_Problem to work on_. Please find the lines in the following records that hold "sociedad", and copy them.

_Records for processing_.
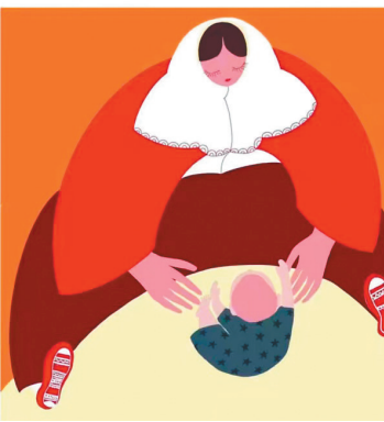
数字插画《LOVE》体现母爱情怀。
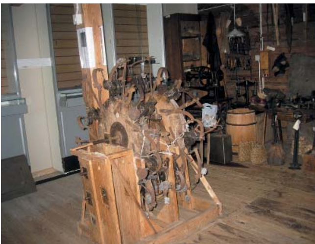
Raritet. På vinden i Hammagasinet kan man beskåda en evighetsmaskin
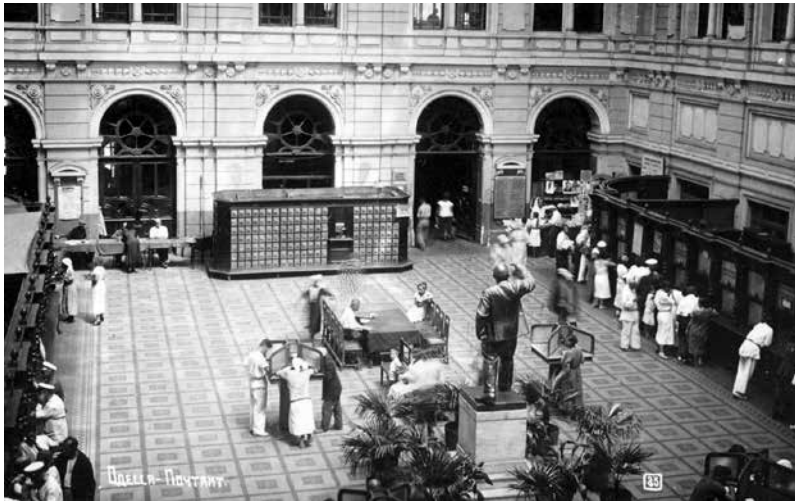
Главпочтамт, операционный зал. Обратите внимание: все мужчины в белых штанах, как в Рио-де-Жанейро, городе-мечте Остапа Бендера
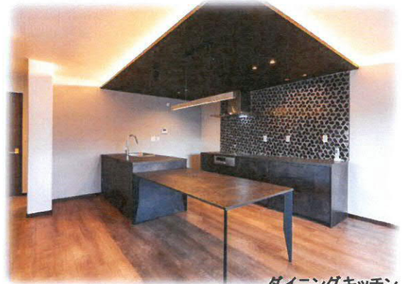
ダイニングキッチン 家事が心地よいダイニング キッチンとダイニングテーブルが一体化され、お料理の給仕や 片付けがスムーズな動線。ダイニングが主役とも言える家族の空間
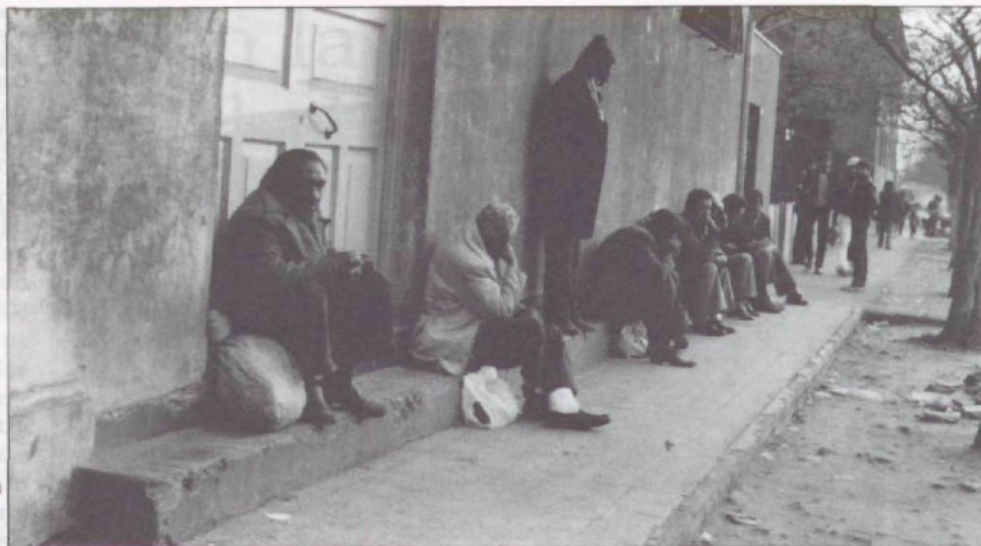
La función del Hogar es ser en la sociedad conciencia del problema de la miseria

ha pedido ayuda al exterior y que es sólo financiado por los chilenos. Las campañas más notables que hay con este fin, son la Campaña 1 a 1, donde se trata de crear solidaridad de las empresas con la sociedad global; la Cena Pan y Vino que es una gran ocasión para dar a conocer los problemas sociales del país; y las campañas de austeridad, ahorro y solidaridad que se lleva a cabo con los niños.
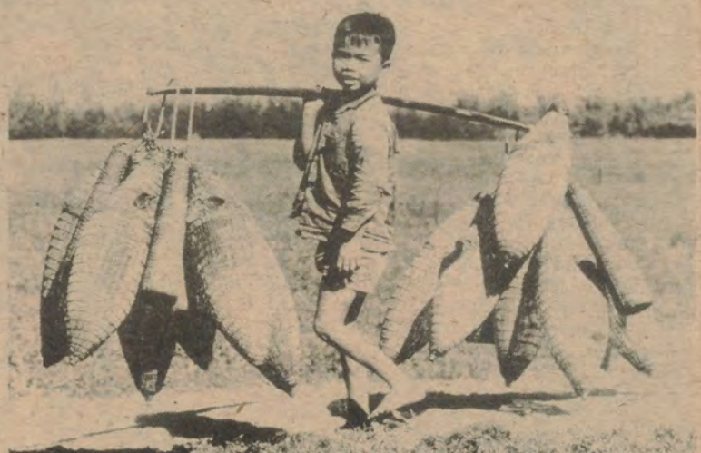
Onze wereld in 1974. De « zwarte vlekken » die bijzonder in de actualiteit stonden (de kaart). De kapotgeschoten stad: ellende, verdriet... In fel contrast: een gezonde jeugd, hoopvolle blik op een vredige toekomst...
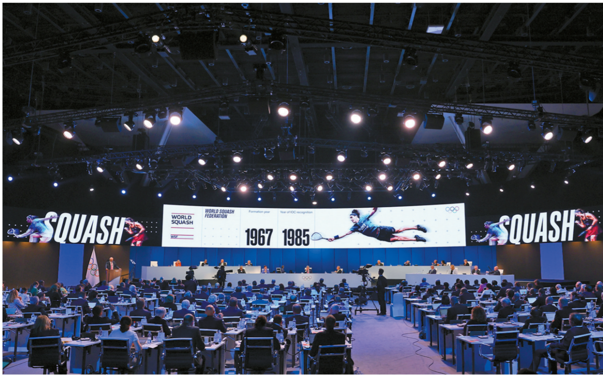
10月16日会议现场大屏幕展示的壁球项目。

_Finished task_.
La función del Hogar es ser en la sociedad conciencia del problema de la miseria
ha pedido ayuda al exterior y que es sólo financiado por los chilenos. Las campañas más notables que hay con este fin, son la Campaña 1 a 1, donde se trata de crear solidaridad de las empresas con la sociedad global; la Cena Pan y Vino que es una gran ocasión para dar a conocer los problemas sociales del país; y las campañas de austeridad, ahorro y solidaridad que se lleva a cabo con los niños.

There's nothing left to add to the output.